Sands stresses her admiration for her husband. "I respect him probably more than anyone as a journalist," she says, but admits to one occasion when their positions clashed. "When he was on the IoS I did outbid him for something. But all the conflict at home is about who's taking the rubbish out - the normal domestic stuff."

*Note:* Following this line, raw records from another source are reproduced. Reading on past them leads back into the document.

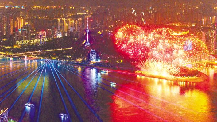 9月14日晚,燈火璀璨、光影交織,長江文化藝術季開幕式在武漢兩江四岸壯麗上演。(湖北日報全媒記者 何宇欣 攝)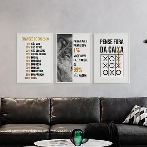 Kit 3 quadros lobo empreendedorismo 45x34cm Moldura: madeira branca Informações do produto decoração para quarto, sala, cozinha, escritório, área gourmet e muito mais. Chega de paredes vazias Medidas - cada peça tem 45x34cm a3 . Material do papel - papel fotográfico brilhante de altíssima resolução Acabamento - todos os quadros são acompanhados de uma película de acetato para proteção da imagem. - os quadros são embalados de forma segura com plástico bolha com camada dupla de acordo com o tamanho dos quadros. - de 3 meses. Meu quadro chegou. Como posso fixá-lo Você precisa apenas de um martelo e um prego, pois os quadros já vão acompanhados de penduradores. Esta é a forma mais indicada. Caso prefira, você pode utilizar uma fita dupla face neste caso, sugerimos de alta qualidade para evitar que descole e seu quadro caia . Como posso limpar meu quadro A limpeza é feita como um móvel comum da sua casa. Apenas um pano seco ou espanador são suficientes para tal Marca: Não Informado
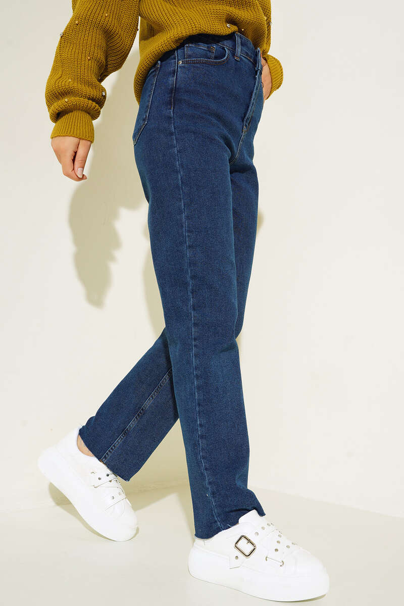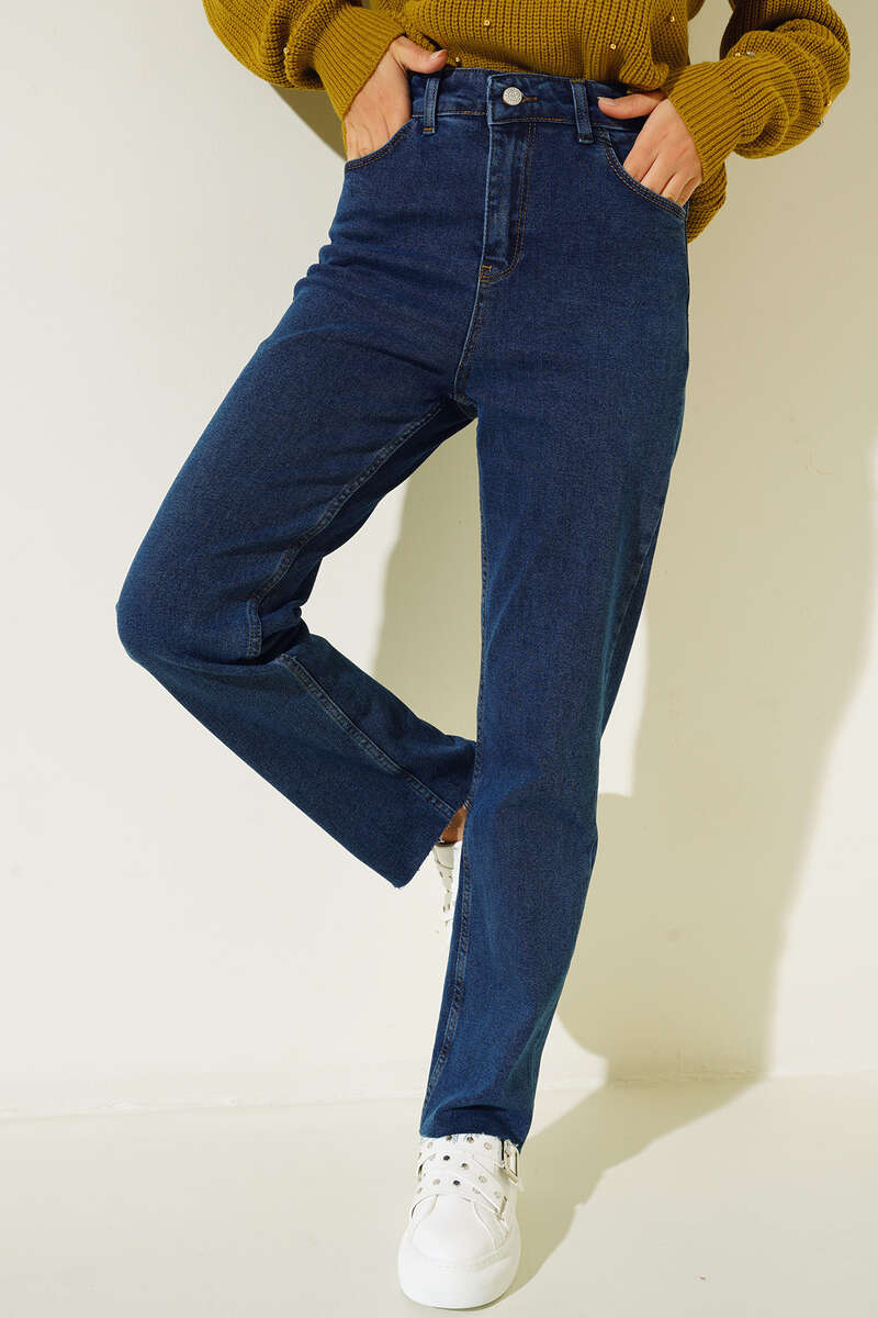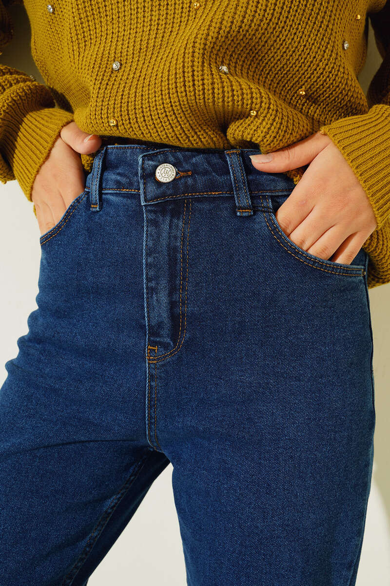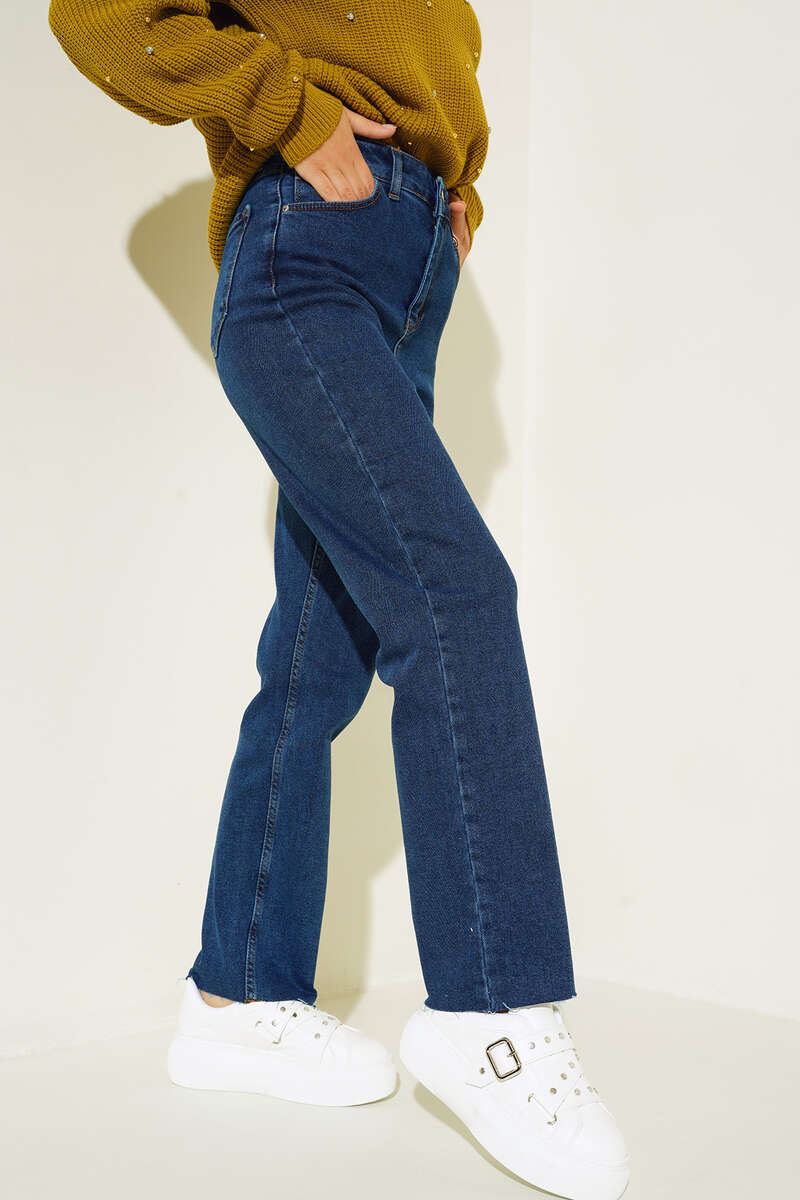 Yeni sezon jean pantolonumuz boru paça modeldir. Pantolonumuzun yanlarında ve arkasında cepleri bulunmaktadır. Beş adet kemer köprüsü olan pantolonumuz şık bir kombinde ihtiyacınız olacak bir modeldir. Kemer aksesuar olarak kullanılmıştır.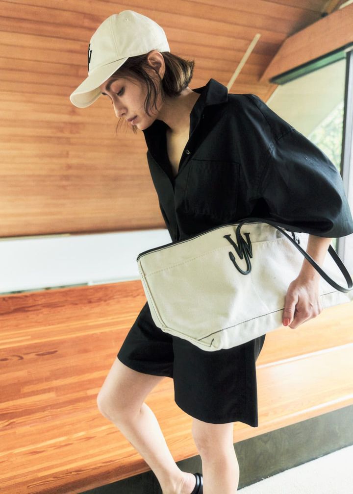 半袖シャツ¥29,700(サードマガジン)、ショートパンツ¥25,300(サードマガジン)、キャップ¥36,300、バッグ¥94,600(共にJWアンダーソン/JW ANDERSON 渋谷店)、シューズ¥59,400(パロマバルセロ/ハウス オブ ロータス)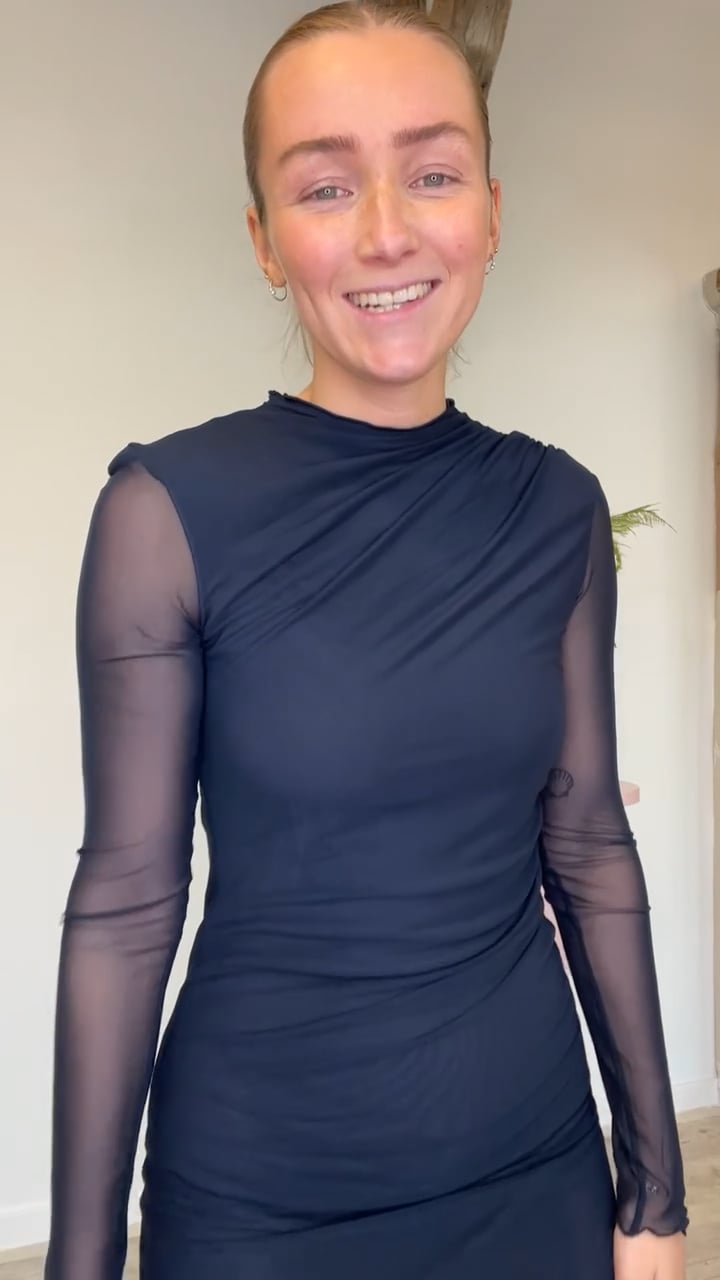 En virkelig fin kjole fra Mads Nørgaard i en flot navy farve! Denne kjole er lavet i et mesh materiale, med en underkjole og rynkedetaljer. Den er helt perfekt til fest, men kan også sagtens styles til hverdag med en strik over og et par sneakers!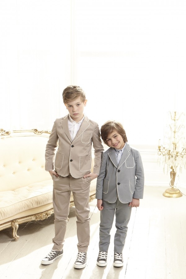 | Các cậu bé đáng yêu trong những bộ vest với gam màu trung tính. |

No doubt Fletcher will be advising on the forthcoming changes at The Sunday Telegraph. "The whole balance of the Sunday market is going to change," says Sands. "Particularly having worked on the Saturday edition, I'm very conscious that people have done a lot of reading already before Sunday. So you've got to give them something new and exciting. To bore your audience is the rudest thing you can do."

DIARY

A tried and tested formula

Staff at the Daily Mail are urgently pondering persistent rumours that Mail executive editor Jon Steafel is about to become deputy editor, or even editor, of The Daily Telegraph. The gossip has reached the Telegraph, where staff are increasingly intrigued by their proprietors' appetite for employing Associated Newspapers' personnel. Is it the Stakhanovite work ethic that the Barclay brothers most admire, or the ability to articulate right-wing Conservative ideas in pomposity-free prose? Sanguine Telegraph insiders admit both attributes would be useful.

Mail's Street of Shame

And has all this talk of his lieutenants jumping ship distracted Paul Dacre? Last week the Daily Mail's editor-in-chief certainly seemed to have taken his eye off the ball, or, in this case, balls. On Wednesday, the normally prurient voice of Middle England featured a double-page spread devoted to the most vulgar place names in Britain, uncovering not only Sandy Balls, but also Upper Dicker and East Breast. The Mail even managed to find a street near Smithfields in central London that is not included in the London A-Z or on Ordnance Survey maps. Its name? - Back Passage. "It seems that Back Passage is so minor it is not worth printing," says a spokesman for the Corporation of London. Not so minor for the "family values" Mail.

When Boris is away...

Before leaving for a family holiday the editor of The Spectator and Conservative MP Boris Johnson insisted that in his absence his organ should do nothing to diminish the leadership chances of Tory contender David Cameron. Alas! What should the mag's political editor Peter Oborne almost immediately do but write a piece criticising Cameron for copying Tony Blair. Since telephonic connections are tricky in Bozza's destination of choice (Uzbekistan), the blond one should consider rushing back before the Spec dumps on Cameron further, or yet even more horror - declares for Liam Fox.

Will Andy be McNabbed?

How long will Andy McNab's columns continue to grace the Mail on Sunday? Word is that the ex-SAS man is beginning to get itchy feet. Don't be surprised if, in the not-too-distant future, McNab turns east to Wapping, where The Sun also rises.

The invisible man

Rumblings at The Daily Telegraph over the photo by-line on the paper's Spy gossip column. When Spy's editor, Celia Walden, is in place, the column features a full frontal picture of the beauteous Celia in a flimsy dress. When she's not, her deputy, Jonathan Isaby, receives a byline but no pic. Could this be related to the fact that Isaby has a somewhat, ahem, fuller figure? Isaby is said to be upset - and so are readers, who have written demanding to know what he looks like.